Pointing the finger at mental illness also ignores the fact that most gun violence takes place between perfectly healthy people who start a fight with each other, or get in a road rage altercation, or are engaged in, or the victim of, some sort of criminal activity.

While it’s true that the impulse to commit suicide by gun is driven by mental illness, guns are proven to greatly increase one’s chance of death by suicide.

Immediate and irreversible suicide is only possible by a few methods, and only one fits in your dresser drawer.

All that said, we can advocate for expansions of mental health services for those who need it, and take it upon ourselves to help the people around us who need it and intervene in responsible ways when necessary.
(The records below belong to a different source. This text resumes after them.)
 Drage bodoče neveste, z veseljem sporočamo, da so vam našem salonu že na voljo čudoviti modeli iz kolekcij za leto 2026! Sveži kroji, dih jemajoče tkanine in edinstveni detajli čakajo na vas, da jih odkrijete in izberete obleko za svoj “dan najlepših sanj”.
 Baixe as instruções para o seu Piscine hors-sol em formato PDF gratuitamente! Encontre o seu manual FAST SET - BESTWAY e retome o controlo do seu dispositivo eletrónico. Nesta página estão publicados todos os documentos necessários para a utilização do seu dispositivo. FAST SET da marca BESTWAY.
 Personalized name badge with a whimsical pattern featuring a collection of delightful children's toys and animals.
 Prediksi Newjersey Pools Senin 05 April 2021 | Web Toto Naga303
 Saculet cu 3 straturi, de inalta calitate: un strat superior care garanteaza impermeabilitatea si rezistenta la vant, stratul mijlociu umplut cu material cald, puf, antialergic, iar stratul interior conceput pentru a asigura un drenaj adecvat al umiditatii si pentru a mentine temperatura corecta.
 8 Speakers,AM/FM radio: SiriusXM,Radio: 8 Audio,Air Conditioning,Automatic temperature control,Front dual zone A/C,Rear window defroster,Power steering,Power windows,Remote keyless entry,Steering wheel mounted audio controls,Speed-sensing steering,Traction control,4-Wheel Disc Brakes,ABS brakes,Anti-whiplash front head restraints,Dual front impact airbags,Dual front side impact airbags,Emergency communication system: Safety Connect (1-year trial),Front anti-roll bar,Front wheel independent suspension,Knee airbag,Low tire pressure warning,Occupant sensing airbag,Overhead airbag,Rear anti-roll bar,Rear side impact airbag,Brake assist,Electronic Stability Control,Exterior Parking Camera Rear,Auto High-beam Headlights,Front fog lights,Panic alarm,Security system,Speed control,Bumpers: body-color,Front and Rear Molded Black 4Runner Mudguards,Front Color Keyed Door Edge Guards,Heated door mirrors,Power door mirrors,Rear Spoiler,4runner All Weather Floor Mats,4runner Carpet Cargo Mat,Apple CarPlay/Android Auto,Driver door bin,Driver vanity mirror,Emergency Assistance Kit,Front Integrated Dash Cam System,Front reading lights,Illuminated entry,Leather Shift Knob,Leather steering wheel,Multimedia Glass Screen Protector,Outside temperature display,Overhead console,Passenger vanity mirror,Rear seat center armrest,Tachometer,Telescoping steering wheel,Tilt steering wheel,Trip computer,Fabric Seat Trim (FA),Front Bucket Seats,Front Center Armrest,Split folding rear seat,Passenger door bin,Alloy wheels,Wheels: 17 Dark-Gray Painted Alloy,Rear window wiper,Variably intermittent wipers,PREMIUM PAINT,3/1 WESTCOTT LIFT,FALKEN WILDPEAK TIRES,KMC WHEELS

Right-wing gun rights advocates should especially be taken to task for their intellectual dishonesty when they claim mass shootings are a mental health problem, not a gun problem, while also advocating for the shrinkage of government healthcare programs that could help prevent them.

We can also continue to organize with gun control lobbying groups to take on the NRA, America’s gun manufacturing lobby that pretends it stands for the rights of sportsmen, hunters and those who want to defend themselves.

The NRA is incredibly powerful, but it’s not the biggest impediment of gun control advocates’ work. Apathy is.

We can try to get it into gun rights advocates’ heads that their hobby and misguided home defense schemes are not worth this.

We can work harder to get the point across that the effects of gun ownership do not stop at their property line.

And we can do this while remaining empathetic and understanding toward their desires and fears.

I hope a shooting doesn’t happen in your hometown, and I hope one never affects someone you love.

But it’s getting to the point where soon, no American will be able to say they don’t know someone who was a victim or who lost someone to gun violence.

Let’s re-energize ourselves and work harder toward a cease-fire in our grinding civil war in the short term while keeping our eyes on the long-term goal of the abolition of civilian ownership of weapons of war.